Muhammad Iqbal menyatakan Tim Advokasi Pasangan Calon Wali Kota-Wakil Wali Kota Bekasi Nur-Firdaus (NF) yang diwakili Ketua Tim advokasi Paslon, Bambang Sunaryo telah melaporkan dugaan pelanggaran tersebut dengan menyertakan bukti foto Wallpaper yang digunakan ASN serta lampiran isi pemberitaan seputar kasus tersebut.

“Laporan itu akan kita register dan kita akan klarifikasi dari pelapor dan saksi-saksi dulu, baru nanti kita akan memanggil terlapor dari tim Desk Pilkada tersebut,” kata Iqbal, kepada awak media, Rabu (7/3/2018).

Panwaslu menyatakan akan memproses sesuai dengan Undang-Undang khusus ASN bahwasanya ASN tidak boleh terlibat politik praktis. “Jadi kalau terlibat, yang ada indikasi yang mengarah kepada keberpihakan dan akan kita tindak sesuai UU ASN dan UU Pemilu,” imbuh Iqbal.

Adapun langkah selanjutnya, kata Iqbal, setelah semua dilklarifikasi nanti dikaji dan diberi status laporannya. “Kalau memang terbukti itu melanggar unsur kode etik ASN pasti kita laporkan ke komisi ASN dan juga inspektorat. Dalam artian memang ini untuk mencegah, bahwasanya agar ASN bersikap netral pada Pilkada,” lanjutnya.

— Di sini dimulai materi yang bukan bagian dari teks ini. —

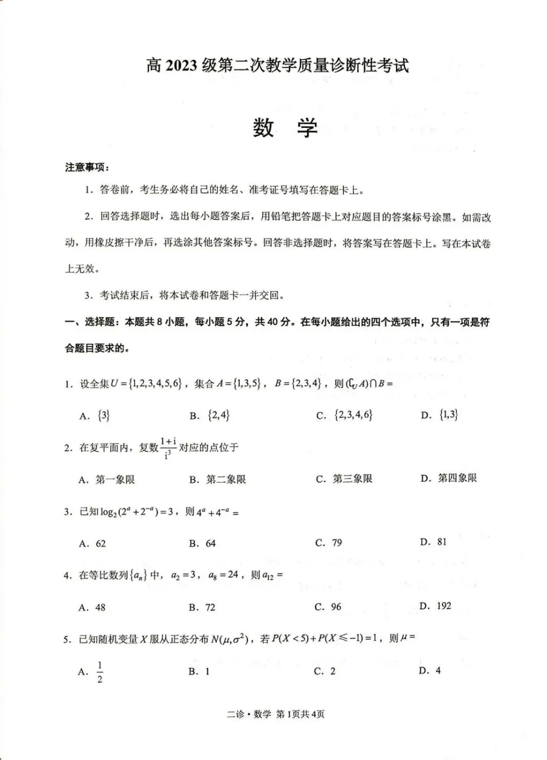 泸州市高2023级第二次教学质量诊断性考试数学试题及详细答案
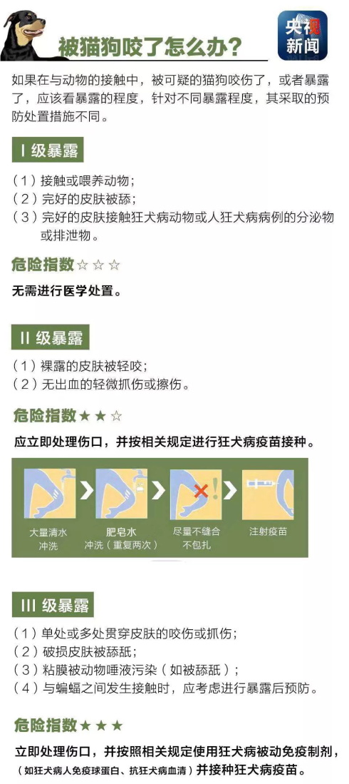 世衛(wèi)組織表示,被動(dòng)物咬傷后,在及時(shí)采取預(yù)防措施的同時(shí),應(yīng)告知獸醫(yī)部門(mén)查明咬人的動(dòng)物,并將此動(dòng)物進(jìn)行隔離觀察。

Proses untuk menindak lanjuti laporan tersebut, jelas Iqbal adalah 3+2 artinya 5 hari sejak pelaporan.

“Jadi Panwaslu itu memutuskan apakah ini terkait unsur melanggar kode etik atau tidak. Kalau melanggar kita putuskan melanggar, dan penyerahan sanksi pelanggaran yang berwenang adalah komisi ASN dan Inspektorat,” tukas Iqbal.

Saat ini Panwaslu tinggal mengklarifikasi dari saksi 1 serta dari terlapor.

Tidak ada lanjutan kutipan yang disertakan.